If you’ve enjoyed a surprisingly coherent conversation with ChatGPT, or watched Midjourney render a realistic picture from a description you just made up, you know generative AI can feel like magic. What makes this sorcery possible?

Beneath the AI apps you use, deep learning models are recreating patterns they’ve learned from a vast amount of training data. Then they work within human-constructed parameters to make something new based on what they’ve learned.

Deep learning models do not store a copy of their training data, but rather an encoded version of it, with similar data points arranged close together. This representation can then be decoded to construct new, original data with similar characteristics.

Building a custom generative AI app requires a model, as well as adjustments such as human-supervised fine-tuning or a layer of data specific to a use case.

Most of today’s popular generative AI apps respond to user prompts. Describe what you want in natural language and the app returns whatever you asked for—like magic.

Learn how AI can work for the enterprise

Generative AI’s breakthroughs in writing and images have captured news headlines and people’s imaginations. Here are a few of the early use cases for this rapidly advancing technology.

Writing. Even before ChatGPT captured headlines (and began writing its own), generative AI systems were good at mimicking human writing. Language translation tools were among the first use cases for generative AI models. Current generative AI tools can respond to prompts for high-quality content creation on practically any topic. These tools can also adapt their writing to different lengths and various writing styles.

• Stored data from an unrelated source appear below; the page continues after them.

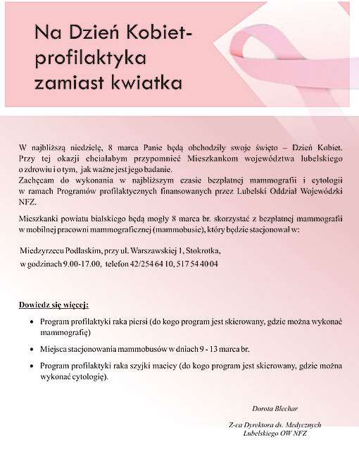 Na Dzień Kobiet - profilaktyka zamiast kwiatka
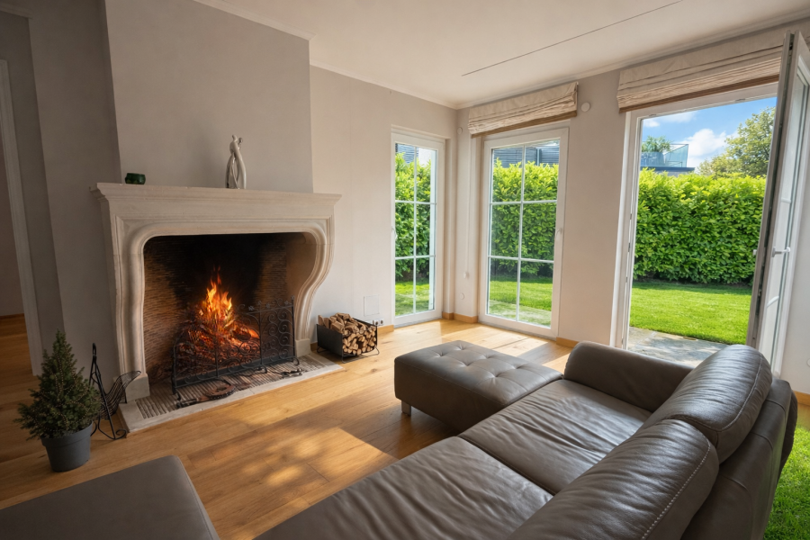 Приглашающий дровяной камин согревает основную жилую зону, добавляя нотку уюта и сезонного комфорта, тогда как обеденные зоны и салоны плавно переходят в сад. Просторная кухня, оснащенная профессиональными газовыми приборами и смежной кладовой, делает ежедневную кулинарию и развлечения одинаково легкими.
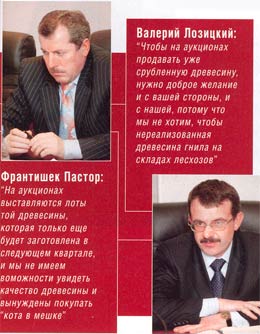 Но "лесные" чиновники по-прежнему замалчивают механизм определения цены на украинский лес, утверждая, что, мол, цену могут определить только аукционные торги. И здесь, казалось бы, правда на стороне ГКЛХ. Деревообработчики сами неоднократно высказывались за введение аукционных торгов, как справедливого рыночного механизма регулирования цены на древесину (см., например, БИЗНЕС №43 от 24.10.05 г., стр.123-132). Но, как показала практика прошлогодних аукционов, любое начинание можно свести на нет. Так, в 2006 г., как признался Юрий Марчук, лишь 15% древесины было реализовано через аукционы, все остальное было продано по прямым договорам. По мнению предпринимателей, данная ситуация возникла вследствие того, что на торги выставлялась лишь незначительная часть задекларированной гослесхозами древесины. В результате торгов цены на древесину неразумно повышались, и большая часть древесины так и не была продана. Нереализованная древесина, как рассказывают предприниматели, по прямым договорам с лесхозами раскупалась особо приближенными к ним коммерческими структурами по заниженным ценам. «Почему нам на аукционах предлагают подпар дуба по 570грн. за 1 куб.м, а втихую своим – за 350грн.?» – с возмущением обратился к представителям ГКЛХ Игорь Щапин "Мы попросили снизить цены на поты Волчанского (Харьковская обл. – Ред.) лесхоза, но главный инженер отказал. И потом мы узнали, что данная древесина была отправлена на экспорт», – дополнил Сусанта Мудалинге. И хотя в проекте нового
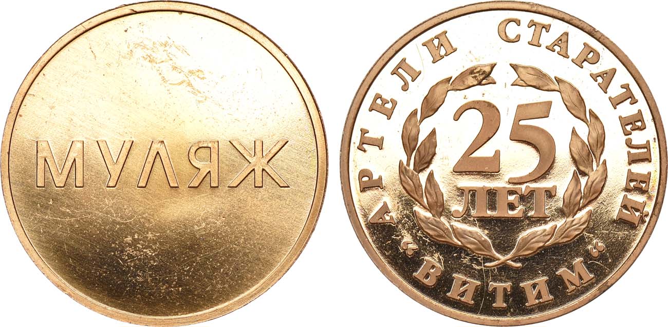 Латунь. 11,6г. Диаметр 30 мм. Московский монетный двор. Аверс: гладкий кружок с надписью "МУЛЯЖ". Реверс: как у тиражной медали. PROOF.
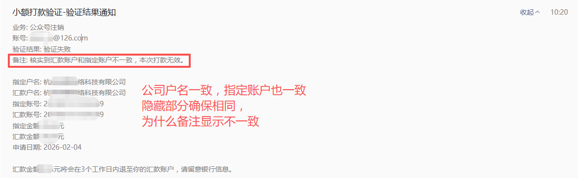 在注销公众号神辇车社会(cheshehuiweixin),使用对公账号打款验证方式时,收到验证失败信息。如下:

Image generation. Generative AI image tools can synthesize high-quality pictures in response to prompts for countless subjects and styles. Some AI tools, such as Generative Fill in Adobe Photoshop, can add new elements to existing works.

Speech and music generation. Using written text and sample audio of a person’s voice, AI vocal tools can create narration or singing that mimic the sounds of real humans. Other tools can create artificial music from prompts or samples.

Video generation. New services are experimenting with various generative AI techniques to create motion graphics. For example, some are able to match audio to a still image and make a subject’s mouth and facial expression appear to talk.

Code generation and completion. Some generative AI tools can take a written prompt and output computer code on request to assist software developers.

Data augmentation. Generative AI can create a large amount of synthetic data when using real data is impossible or not preferable. For example, synthetic data can be useful if you want to train a model to understand healthcare data without including any personally identifiable information. It can also be used to stretch a small or incomplete data set into a larger set of synthetic data for training or testing purposes.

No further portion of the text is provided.